**WORK TO BE COMPLETED:** Restate the entries below exactly, and keep all images out of the answer.

**SUPPLIED RECORDS:**
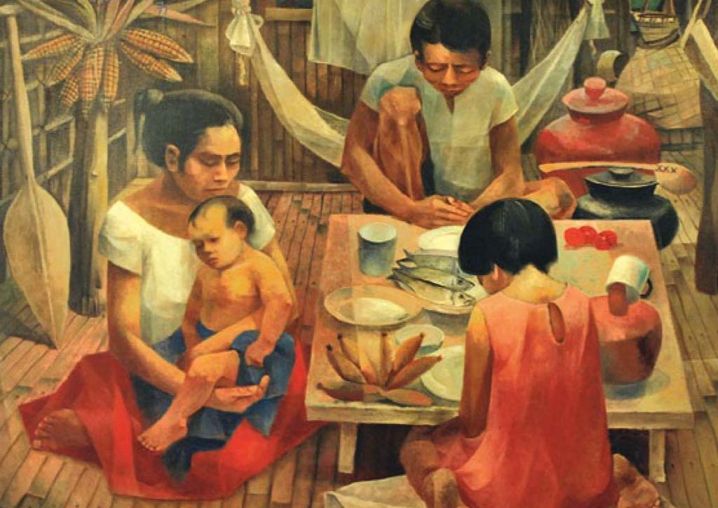 Among these genres were the stock images that populated the social space of the Filipino masses during the mid-20th century: the male cockfighter with his prized fighting cock in his arms; the female street vendor with her bilao; mothers carrying their children; women sewing at home or just lounging around; still life arrangements of platefuls of seafood; landscapes full of trees; families gathered over a frugal meal; and the iconic barung-barong shanties that arose out of the devastation of World War II to fill every nook and cranny of Manila.
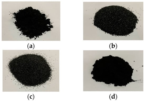 Photographs of carbon materials used as expansive agents in this study: (a) oak charcoal, (b) palm charcoal, (c) broadleaf charcoal, and (d) expanded carbon.
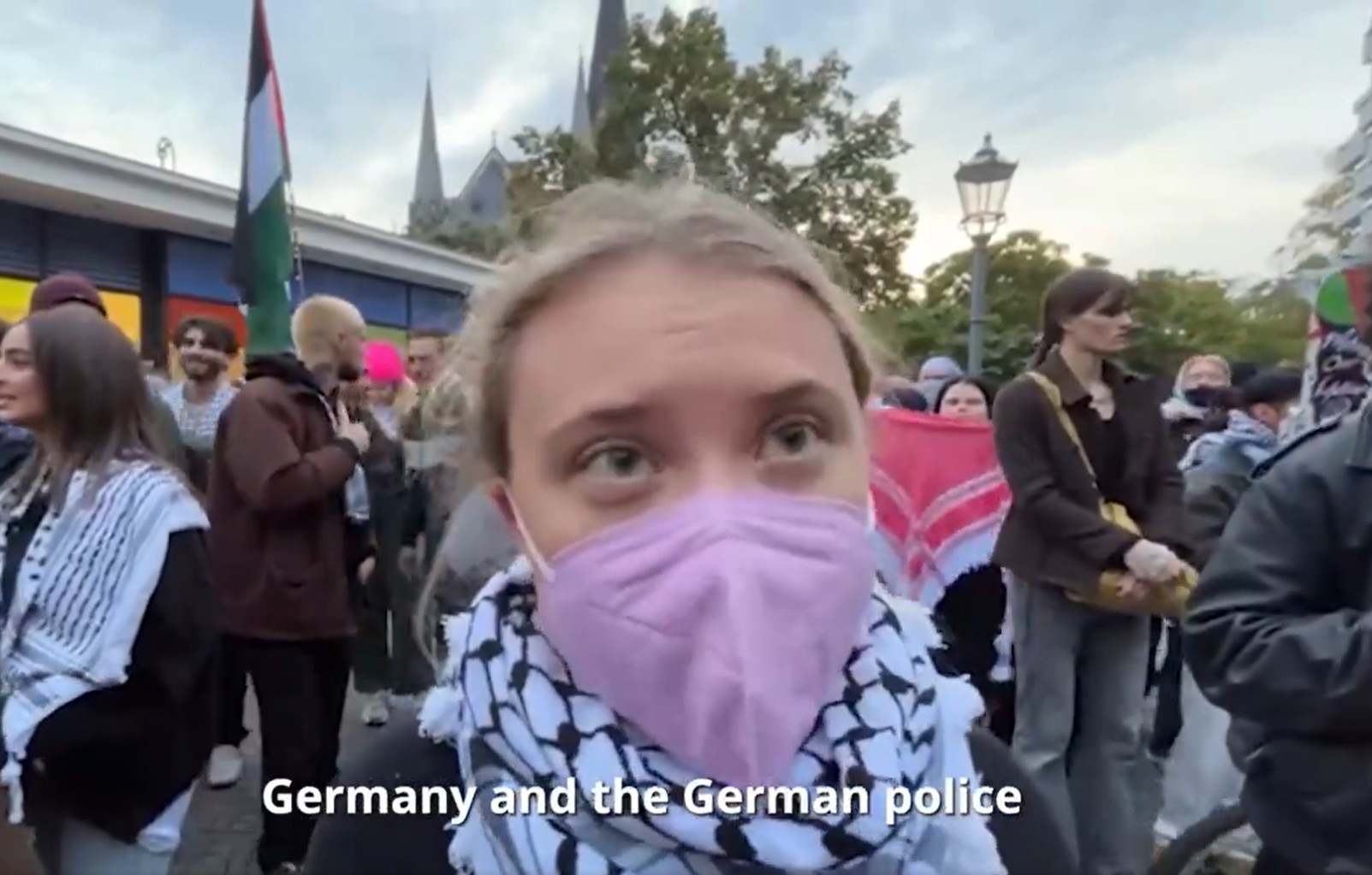 Greta Thunberg, quien fuera el rostro de la iniciativa Fridays for Future y sus "huelgas" por el clima, se ha transformado en una habitual de las protestas contra Israel en distintas partes de Europa en los últimos meses. Su última aparición pública tuvo lugar este lunes, el día en que se cumplía un año de los salvajes atentados del 7 de octubre en Israel: en la capital alemana coincidieron tanto manifestaciones en recuerdo de los secuestrados aún en manos de Hamás como protestas antiisraelíes que justificaban los ataques. Thunberg se sumó a estas últimas, como atestiguaron las fotografías que se difundieron a través de las redes sociales, que incluían declaraciones de la propia activista contra el gobierno alemán.
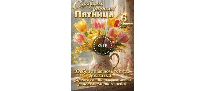 Анимированная открытка "6 марта. С добрым утром! Пятница. Добра в ваш дои, тепла, достатка. Яркого солнца, здоровья, любви,"
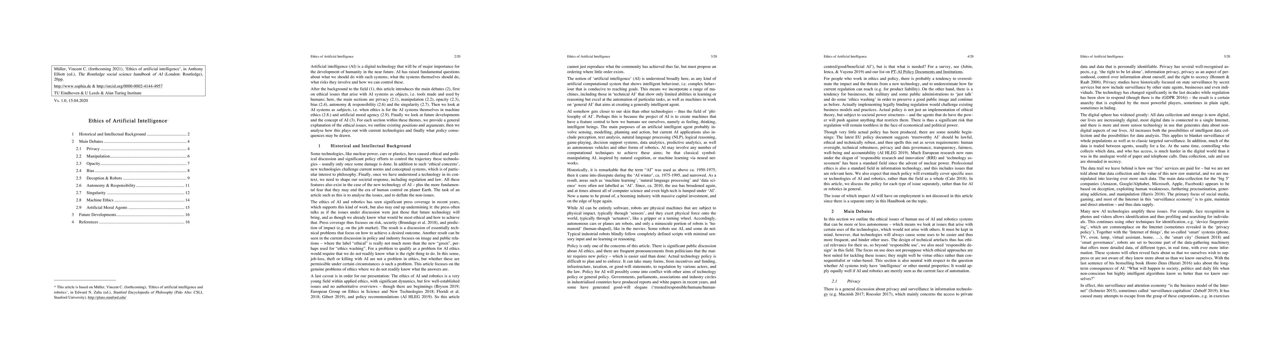 Artificial intelligence (AI) is a digital technology that will be of major importance for the development of humanity in the near future. AI has raised fundamental questions about what we should do with such systems, what the systems themselves should do, what risks they involve and how we can control these. - After the background to the field (1), this article introduces the main debates (2), first on ethical issues that arise with AI systems as objects, i.e. tools made and used by humans; here, the main sections are privacy (2.1), manipulation (2.2), opacity (2.3), bias (2.4), autonomy & responsibility (2.6) and the singularity (2.7). Then we look at AI systems as subjects, i.e. when ethics is for the AI systems themselves in machine ethics (2.8.) and artificial moral agency (2.9). Finally we look at future developments and the concept of AI (3). For each section within these themes, we provide a general explanation of the ethical issues, we outline existing positions and arguments, then we analyse how this plays out with current technologies and finally what policy consequences may be drawn.

**RESPONSE TO THE EXERCISE:**
 Among these genres were the stock images that populated the social space of the Filipino masses during the mid-20th century: the male cockfighter with his prized fighting cock in his arms; the female street vendor with her bilao; mothers carrying their children; women sewing at home or just lounging around; still life arrangements of platefuls of seafood; landscapes full of trees; families gathered over a frugal meal; and the iconic barung-barong shanties that arose out of the devastation of World War II to fill every nook and cranny of Manila.
 Photographs of carbon materials used as expansive agents in this study: (a) oak charcoal, (b) palm charcoal, (c) broadleaf charcoal, and (d) expanded carbon.
 Greta Thunberg, quien fuera el rostro de la iniciativa Fridays for Future y sus "huelgas" por el clima, se ha transformado en una habitual de las protestas contra Israel en distintas partes de Europa en los últimos meses. Su última aparición pública tuvo lugar este lunes, el día en que se cumplía un año de los salvajes atentados del 7 de octubre en Israel: en la capital alemana coincidieron tanto manifestaciones en recuerdo de los secuestrados aún en manos de Hamás como protestas antiisraelíes que justificaban los ataques. Thunberg se sumó a estas últimas, como atestiguaron las fotografías que se difundieron a través de las redes sociales, que incluían declaraciones de la propia activista contra el gobierno alemán.
 Анимированная открытка "6 марта. С добрым утром! Пятница. Добра в ваш дои, тепла, достатка. Яркого солнца, здоровья, любви,"
 Artificial intelligence (AI) is a digital technology that will be of major importance for the development of humanity in the near future. AI has raised fundamental questions about what we should do with such systems, what the systems themselves should do, what risks they involve and how we can control these. - After the background to the field (1), this article introduces the main debates (2), first on ethical issues that arise with AI systems as objects, i.e. tools made and used by humans; here, the main sections are privacy (2.1), manipulation (2.2), opacity (2.3), bias (2.4), autonomy & responsibility (2.6) and the singularity (2.7). Then we look at AI systems as subjects, i.e. when ethics is for the AI systems themselves in machine ethics (2.8.) and artificial moral agency (2.9). Finally we look at future developments and the concept of AI (3). For each section within these themes, we provide a general explanation of the ethical issues, we outline existing positions and arguments, then we analyse how this plays out with current technologies and finally what policy consequences may be drawn.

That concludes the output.